Previous studies have documented the roles of transport via the reduced folate carrier (RFC), retention via polyglutamylation, and increased levels of the target enzyme, dihydrofolate reductase in sensitivity to the folate antagonists methotrexate, pralatrexate, and pemetrexed (1). Although these factors explain in part why tumor cells are sensitive or resistant to antifolates, they do not fully account for selectivity. Two recent publications have now provided insight about why some tumor cells, as compared with normal replicating cells, are sensitive to methotrexate: Cancer cells that undergo metabolic reprogramming and are characterized by rapid proliferation and upregulate glycine consumption and metabolism are potently inhibited by methotrexate, whereas normal cells with similar proliferative rates are not as sensitive.

The contribution by Jain and colleagues (2) showed that metabolic reprogramming that occurs in cancer may lead to higher expression of the mitochondrial glycine biosynthetic pathway and upregulation of mitochondrial folate enzymes that include serine hydroxymethyl transferase (SHMT2), methylenetetrahydrofolate dehydrogenase (MTHFD2), and tetrahydrofolate synthetase (MTHFD1L; Fig. 1). The up-regulation of these mitochondrial enzymes correlated with increased proliferation, whereas the folate cytosolic enzymes were not upregulated. Unlike the trifunctional cytosolic enzyme, MTHFD1, that contains methylenetetrahydrofolate dehydrogenase, methenyltetrahydrofolate cyclohydrolase, and formyltetrahydrofolate synthetase activity, the mitochondrial enzyme MTHFD2 is a bifunctional enzyme that contains methylenetetrahydrofolate dehydrogenase and methenyltetrahydrofolate cyclohydrolase activity. Formyltetrahydrofolate synthetase activity is encoded by a separate enzyme, MTHFD1L. These enzymes contribute to the synthesis and use of glycine, methylene THF, and N-10 formyl THF for de novo purine and thymidylate biosynthesis (Fig. 1).

Figure 1.

Figure 1

The role of the mitochondria in the generation of purines and thymidylate for DNA synthesis. Reactions 1, 3, 4, and 5 occur in both the mitochondria and the cytoplasm, with reaction 2 limited only to the mitochondria. Reaction 1 and 2 are catalyzed by SHMT2 and the glycine cleavage system, respectively. In the cytoplasm, reactions 3, 4, and 5 are carried out by the trifunctional enzyme (MTHFD1); in the mitochondria, 2 enzymes are required (MTHFD2 catalyzes reactions 3 and 4 and MTHFD1L catalyzes reaction 5). The enzyme 10-formyl tetrahydrofolate dehydrogenase (not shown) has been reported to be absent in most cancer cells (10). Serine hydroxymethytransferase (1); glycine oxidase complex (2); 5–10 methylene tetrahydrofolate dehydrogenase (3); methenyltetrahydrofolate cyclohydrolase (4); and formyltetrahydrofolate synthetase (5).

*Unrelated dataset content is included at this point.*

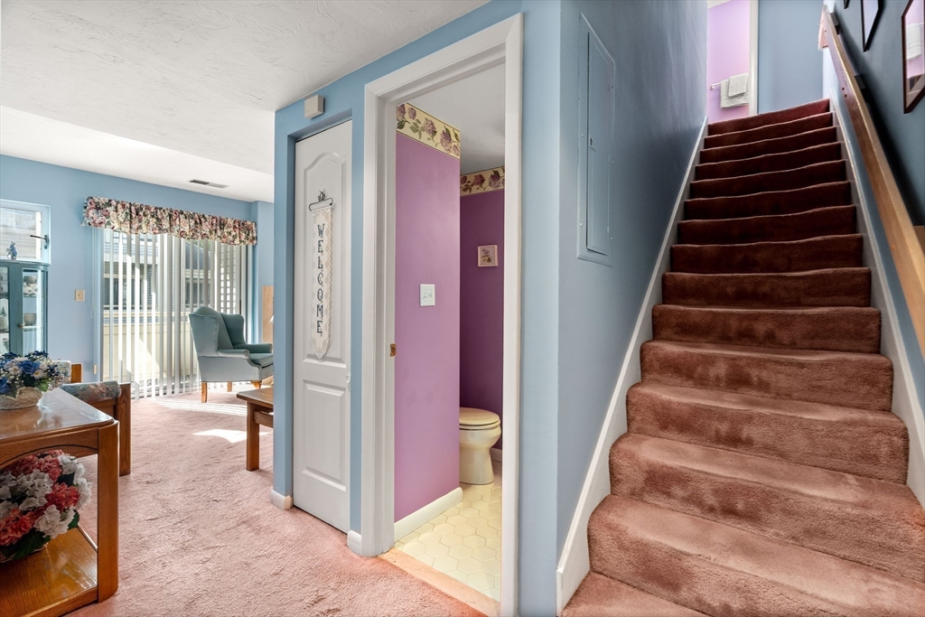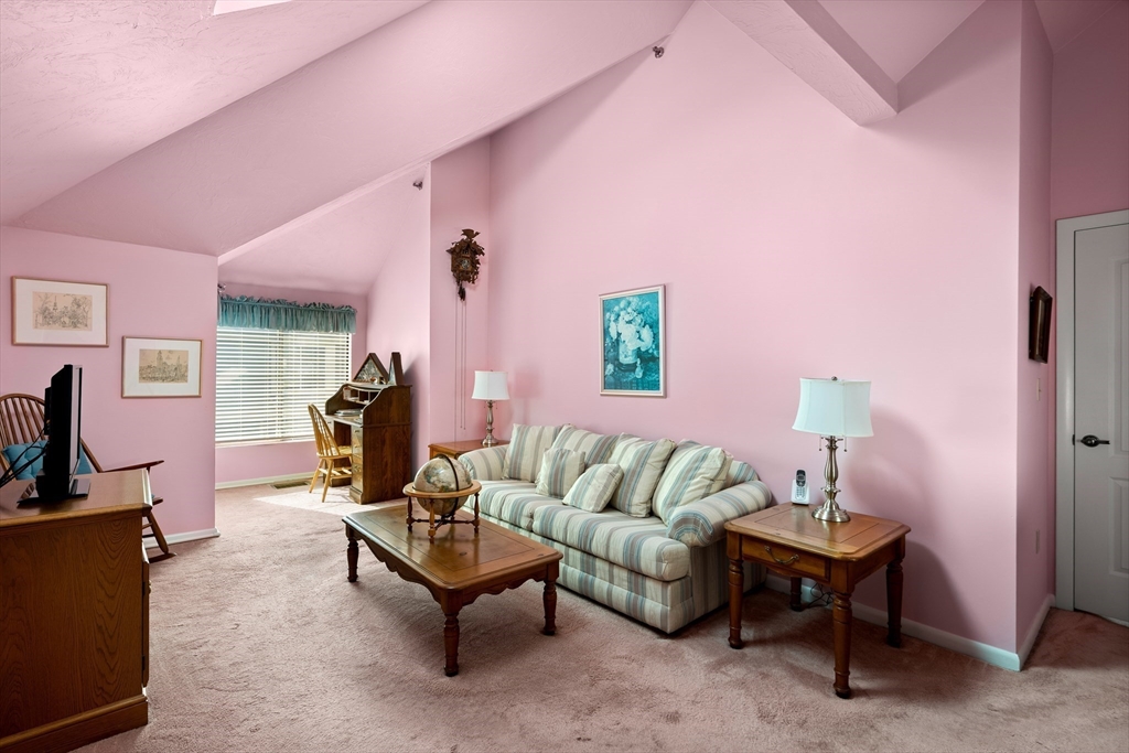 Welcome to "The Falls" Townhouse style, 2 level, top floor, corner unit in highly desirable and convenient area. An abundance of natural light, 2 sliders to balcony, updated kitchen with granite, dining room area, wood burning fireplace, W/D in unit and a 1/2 bath completes the first floor. 2nd floor offers 2 very spacious bedrooms both with high ceilings, large windows, skylights and large closets with extra storage for seasonal items, etc.. .Each bedroom offers extra space for sitting or office area, full bath and beautiful natural light throughout. Parking spot and plenty of visitor parking. Professionally managed, pet-friendly community with superintendent on-site. Very convenient location close to Faxon Park, shops, restaurants. Easy access to highways and public transportation. Make this your own!

Supporting the importance of the above pathway is the high expression of mitochondrial 1-carbon pathway components in embryos. A developmental period marked by high cell proliferation rates and embryogenesis requires significant amounts of protein, lipid, and nucleic acid synthesis, of similar nature to neoplastic cells. MTHFD1L was found to be upregulated in mouse embryos, with the mitochondria providing more than 75% of the 1-carbon units present in the cytoplasm used for purine synthesis and other biosynthetic pathways (3). MTHFD1L and MTHFD2 are targets of microRNA miR-9, which may act as a tumor suppressor in regard to these and other genes (4). High expression of miR-9 suppresses levels of MTHFD1L and MTHFD2 and miR-9 has been found to be downregulated in breast cancer cell lines (4). Increasing miR-9 levels or knocking down MTHFD2 both have antiproliferative and proapoptotic effects in tumor cell lines, which suggests that inhibitors of MTHFD2 may show similar effects.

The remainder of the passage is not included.